The system is highly highly super duper highly customizable. You can make and delete as many templates and Qubes as you want. If you’re a lawyer, you could create a separate Qube for each case. If you’re an artist, you could create a separate Qube for each client. If one client requires you to use one VPN, and another client wants you to use a different VPN, you can do that. Once you do the initial configuration, it’s pretty much set and forget.

What about programs? You can create templates from a bunch of different OSes, but the most common are Debian and Fedora. Almost all of them are Linux based. Which means you are limited to programs that run on Linux. Instead of Adobe InDesign, you’ll use Scribus. Instead of Microsoft Word, you’ll use Libre Office Writer. It is technically possible to run Windows as a standalone VM, but then you lose all the fun security and isolation options.
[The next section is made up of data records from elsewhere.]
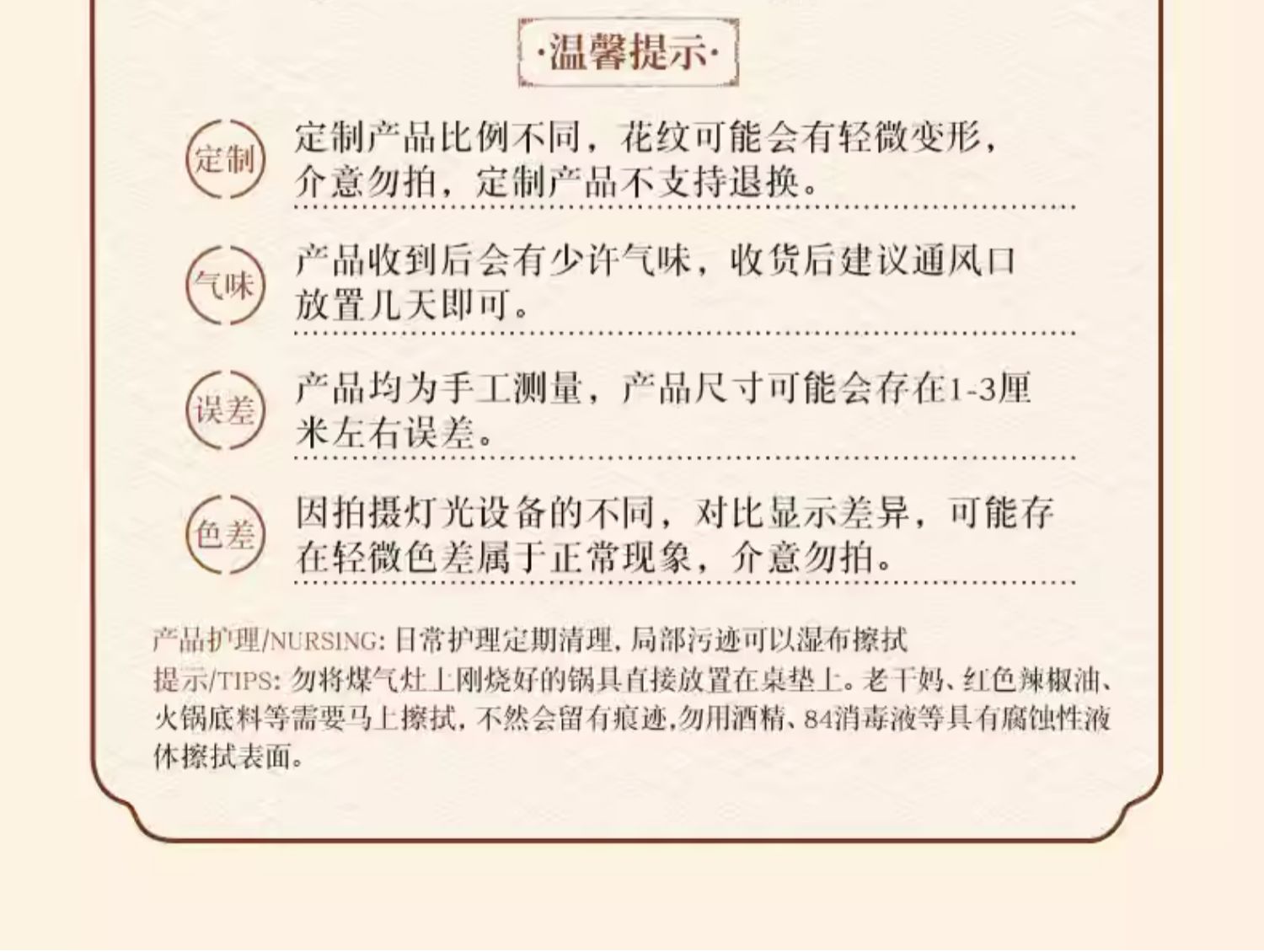 Contact customer service for customization
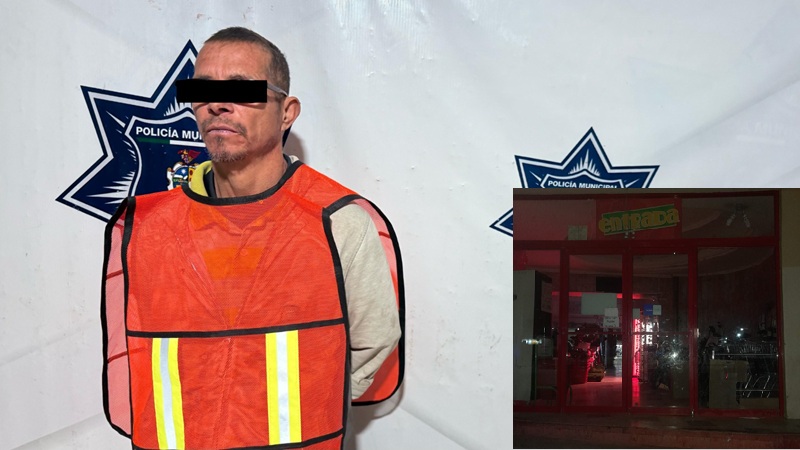 Agentes municipales que realizaban labores de prevención y vigilancia en la avenida 16 de Septiembre y calle Noche Triste, en la zona Centro, sorprendieron a un sujeto causando daños a las instalaciones de un negocio de venta de ropa.
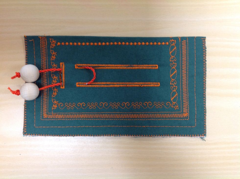 Sy raksöm 2cm (20mm) från kanten på tre sidor. Stygnlängd 2,5 mm. Backa och fäst tråden i början och i slutet.
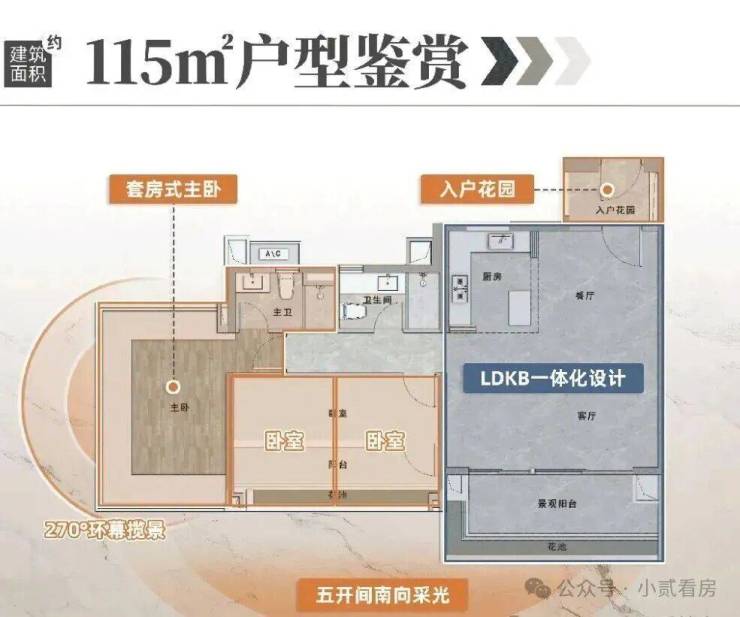 傲璟的高低分区设计,大户型全南向,能占据更广阔无遮挡的视野。且只需上下楼便能独享空中会所,恰到好处地提供了“既要又要还要”的高阶改善氛围。如建面约115㎡,五开间朝南,可最大尺度拦景入室,若想静静眺望园景或城市景观,上楼便是私家花园。

Plus, and this is anecdotal, but my Windows VM crashed on me (it was the program I was using’s fault), which in turn crashed Qubes, which fucked it up so much, that I had to reinstall the entire system. It was… not fun. Apple is not possible to run on Qubes. But if you have the IQ to use Qubes, you probably don’t use Macs anyway.

So you install all the programs you want in the template. Then you can pick and choose which Qubes have shortcuts to each program. For instance, I want Firefox in all of my Qubes, but only want my Art Qube to have Inkscape. You can easily add or remove the programs from each Qube. This mostly just cuts down on the list in the menu.

Some have complained about computer speed, since each Qube is a separate VM. Sure, there’s a slight wait when you first start a Qube (I’m talking less than 5 seconds), but once that VM is running, opening any program in that Qube is the same as a traditional computer. This is where you’ll most notice how much RAM you have. The more RAM, the more things you can have running.

So is Qubes right for you? Honestly, probably not. Almost exclusively because of how confusing it seems at first. I actually named my Qubes computer Daedalus, because in Greek Mythology, he created the Labyrinth. Sometimes using Qubes feels like that. However, it’s a really solid concept, and I hope other systems implement some of it’s ideas. Or, perhaps, Qubes will become more user friendly. If you’re a spy, or a journalist, or a government official, or someone who has a high risk of being targeted by hackers, or if you have access to important information, you might consider using Qubes. It would be a great option for you, but you’ll have to put in the work. For me, I like tinkering with things, and I’m very familiar with virtual machines. After 2 years, of using QubesOS as my daily driver, I’m still happy with it.

Oh. Also, if you played the drinking game… you need to go to the emergency room stat. But if you were just curious, the final count of times I said “VM”, “Virtual Machine”, or “Qubes” in the article is… 77.